## TASK GOAL
Only the lines from the one that contains "2021年1月18日14时3" to the last line below, both included, should be transcribed. Pictures stay out of the copy.

## SUPPLIED DATA
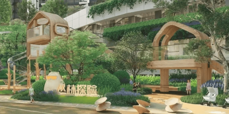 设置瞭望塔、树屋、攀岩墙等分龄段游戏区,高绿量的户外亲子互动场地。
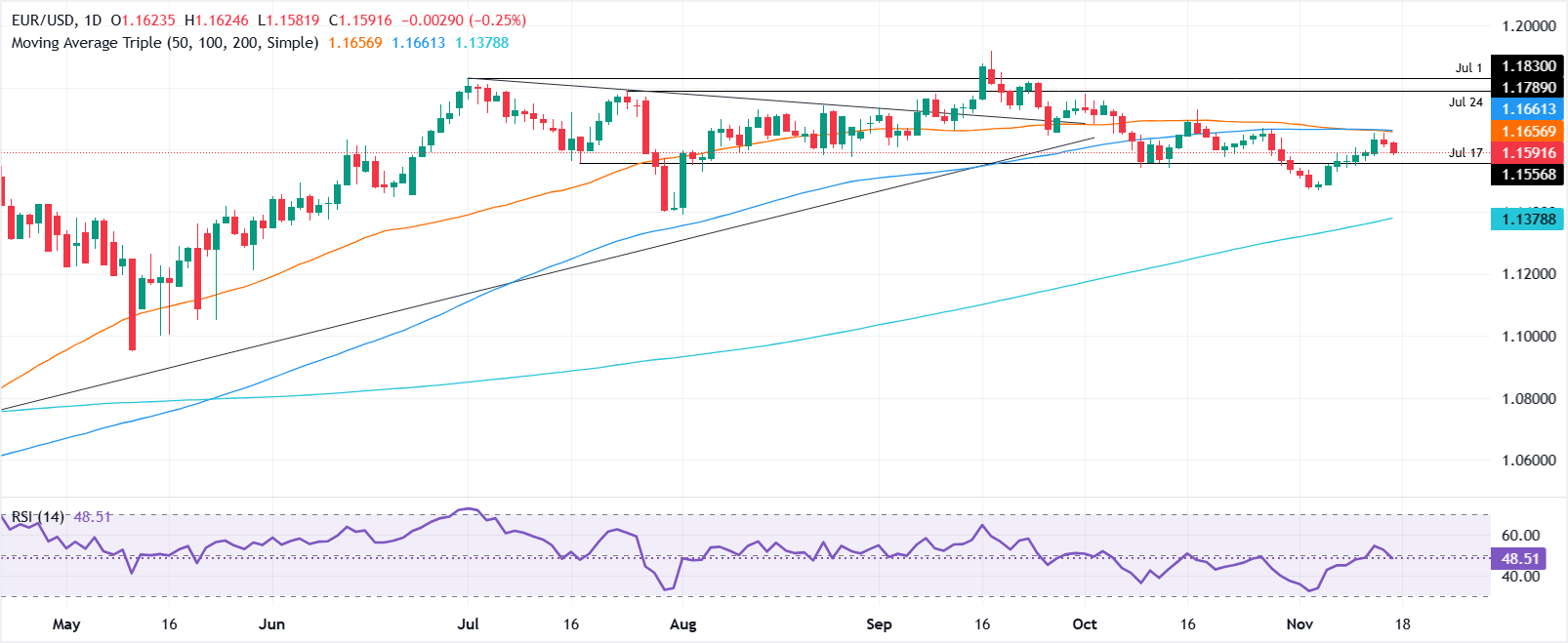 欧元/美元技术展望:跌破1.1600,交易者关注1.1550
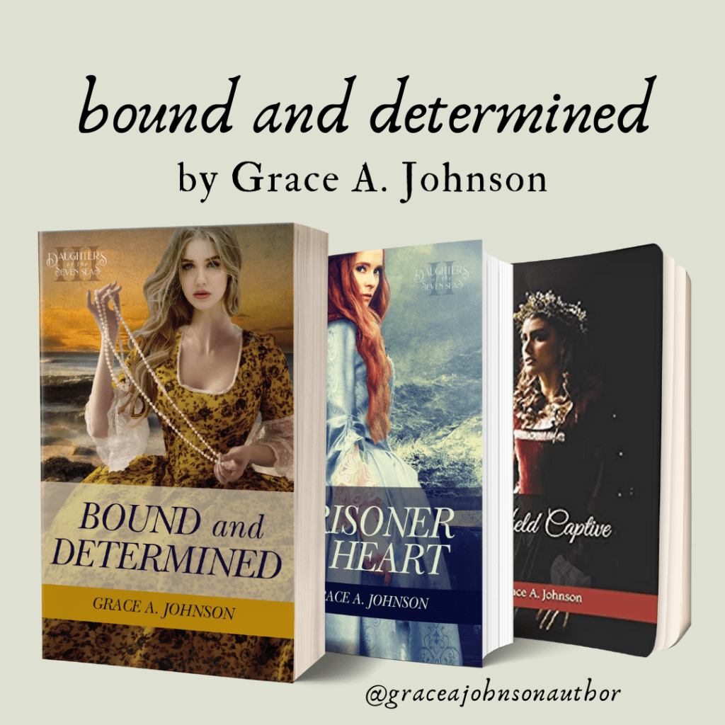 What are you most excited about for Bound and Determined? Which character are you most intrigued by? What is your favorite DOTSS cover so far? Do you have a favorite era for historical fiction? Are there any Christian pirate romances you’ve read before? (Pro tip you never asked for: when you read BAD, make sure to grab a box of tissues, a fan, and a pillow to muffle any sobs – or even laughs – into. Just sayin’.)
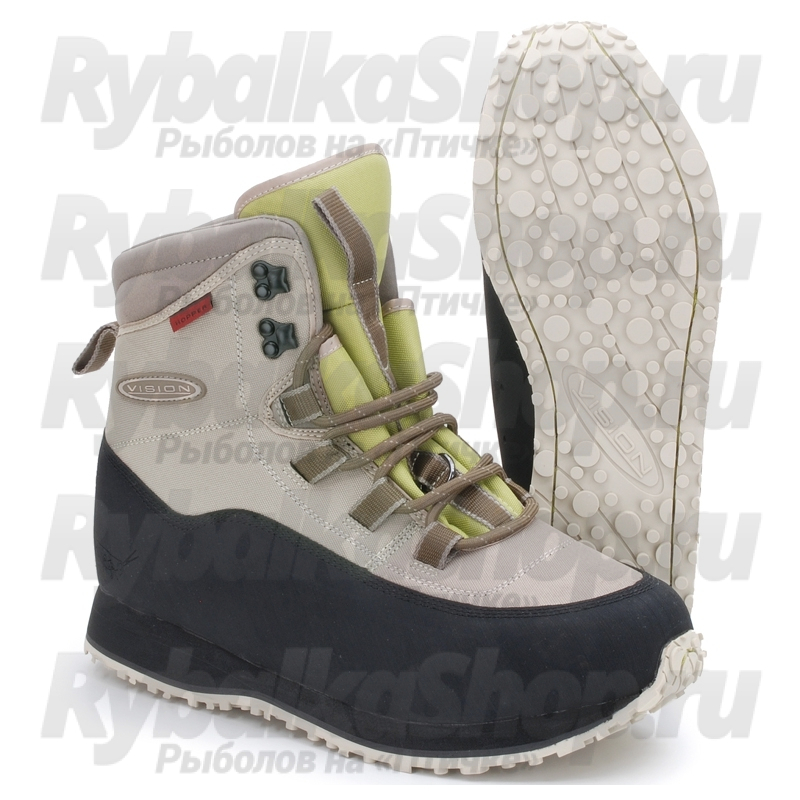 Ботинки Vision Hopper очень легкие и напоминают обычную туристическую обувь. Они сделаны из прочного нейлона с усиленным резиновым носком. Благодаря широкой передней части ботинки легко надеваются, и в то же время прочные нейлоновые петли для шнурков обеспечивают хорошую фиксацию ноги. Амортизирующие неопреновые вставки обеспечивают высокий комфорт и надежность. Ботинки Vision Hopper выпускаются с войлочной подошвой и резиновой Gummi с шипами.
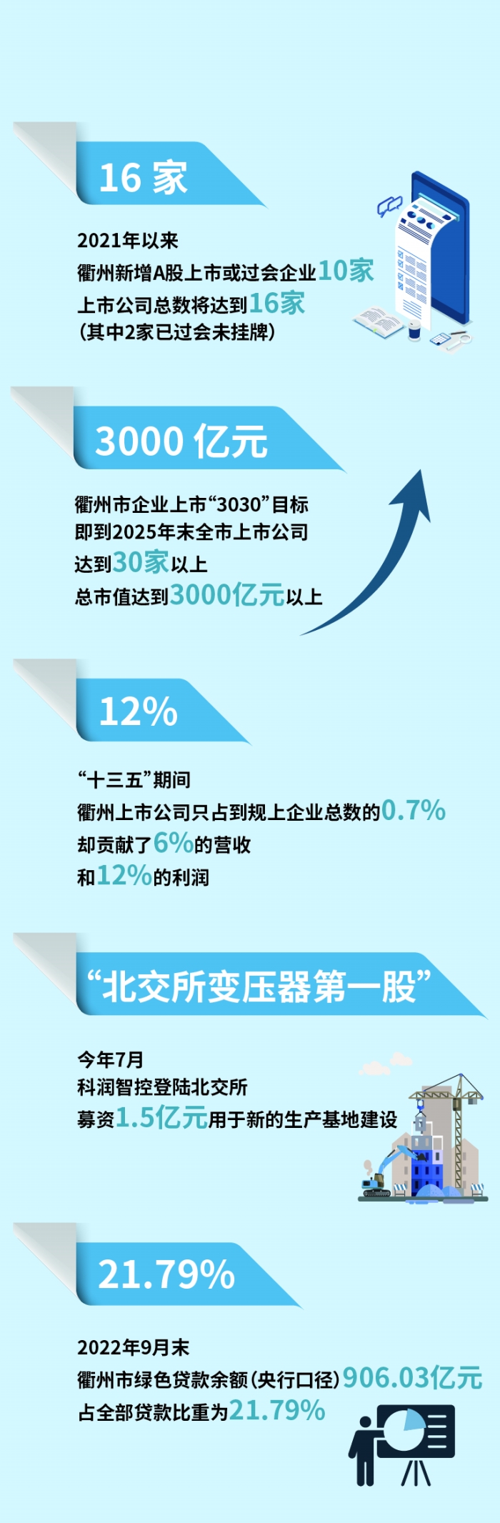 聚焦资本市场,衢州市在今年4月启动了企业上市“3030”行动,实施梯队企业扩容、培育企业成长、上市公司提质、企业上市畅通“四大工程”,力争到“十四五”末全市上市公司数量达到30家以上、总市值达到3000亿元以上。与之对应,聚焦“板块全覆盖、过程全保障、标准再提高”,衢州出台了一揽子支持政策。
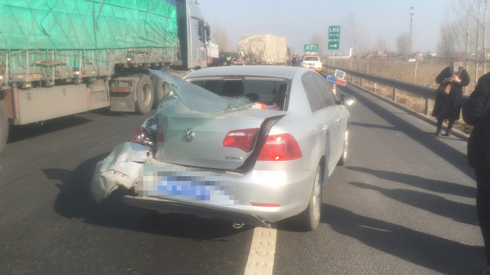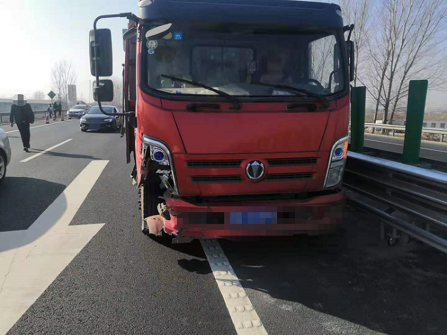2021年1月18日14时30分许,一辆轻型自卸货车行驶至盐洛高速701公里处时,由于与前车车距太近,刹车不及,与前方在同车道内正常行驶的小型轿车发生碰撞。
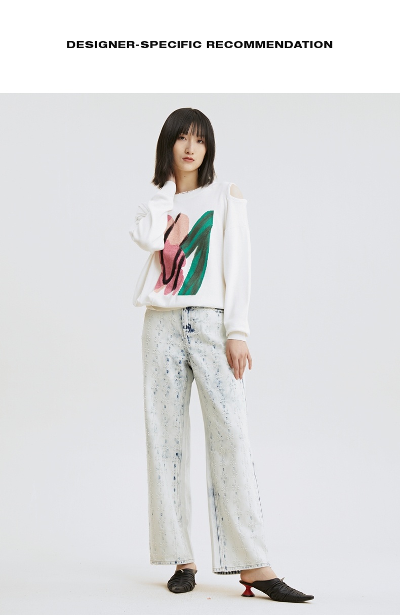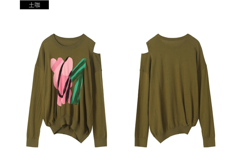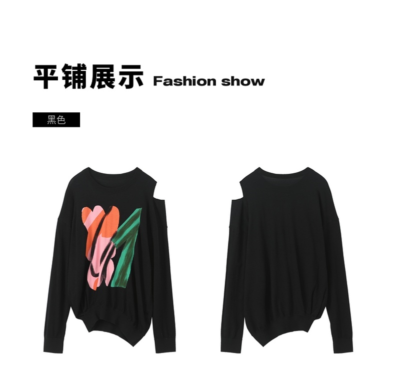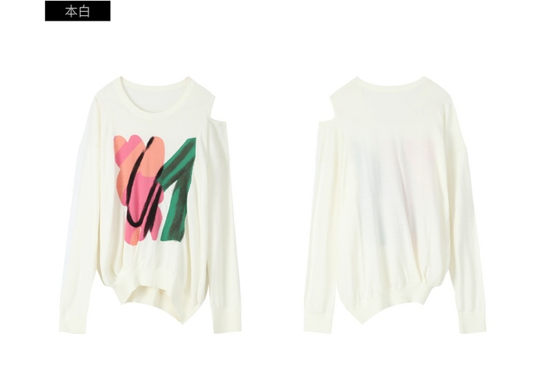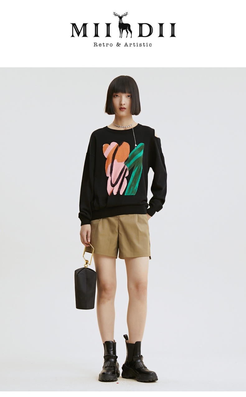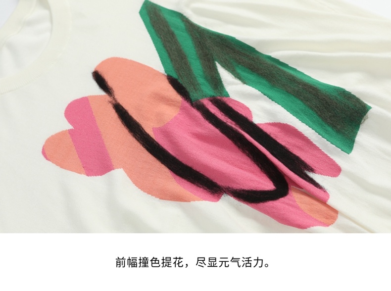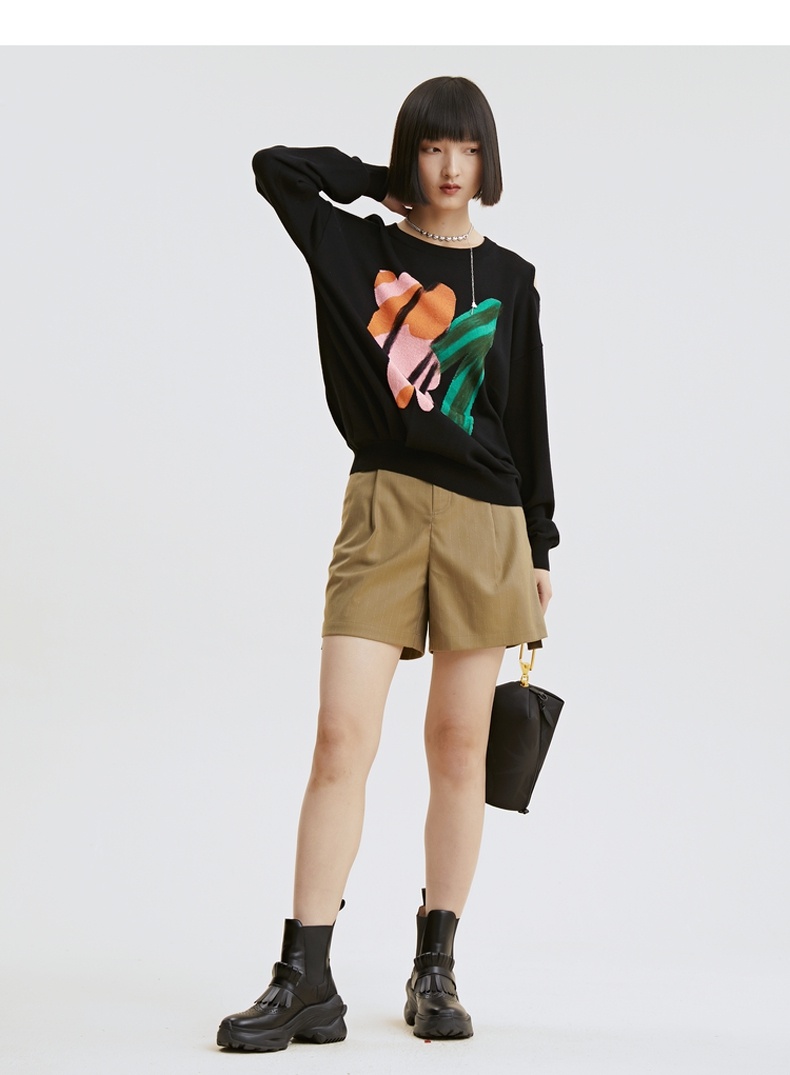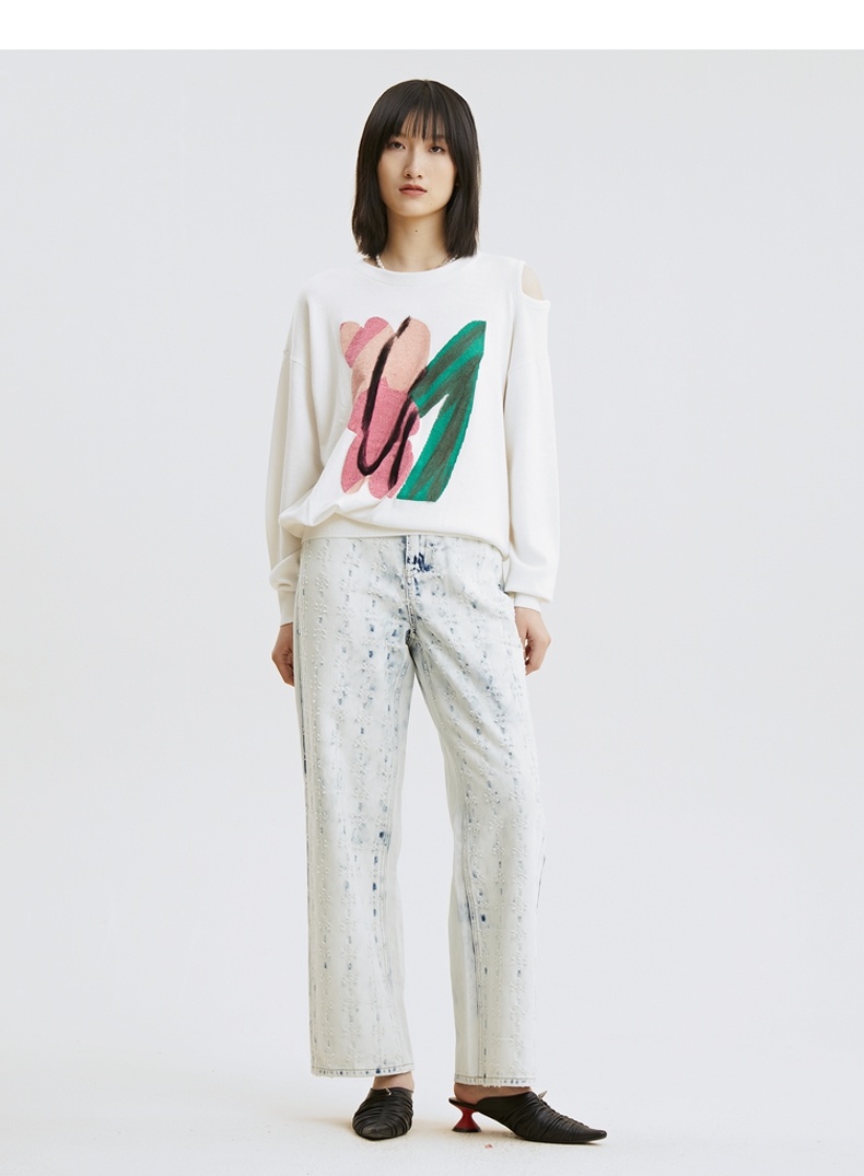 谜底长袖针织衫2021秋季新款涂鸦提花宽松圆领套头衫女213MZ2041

## THE COMPLETED TASK
2021年1月18日14时30分许,一辆轻型自卸货车行驶至盐洛高速701公里处时,由于与前车车距太近,刹车不及,与前方在同车道内正常行驶的小型轿车发生碰撞。
 谜底长袖针织衫2021秋季新款涂鸦提花宽松圆领套头衫女213MZ2041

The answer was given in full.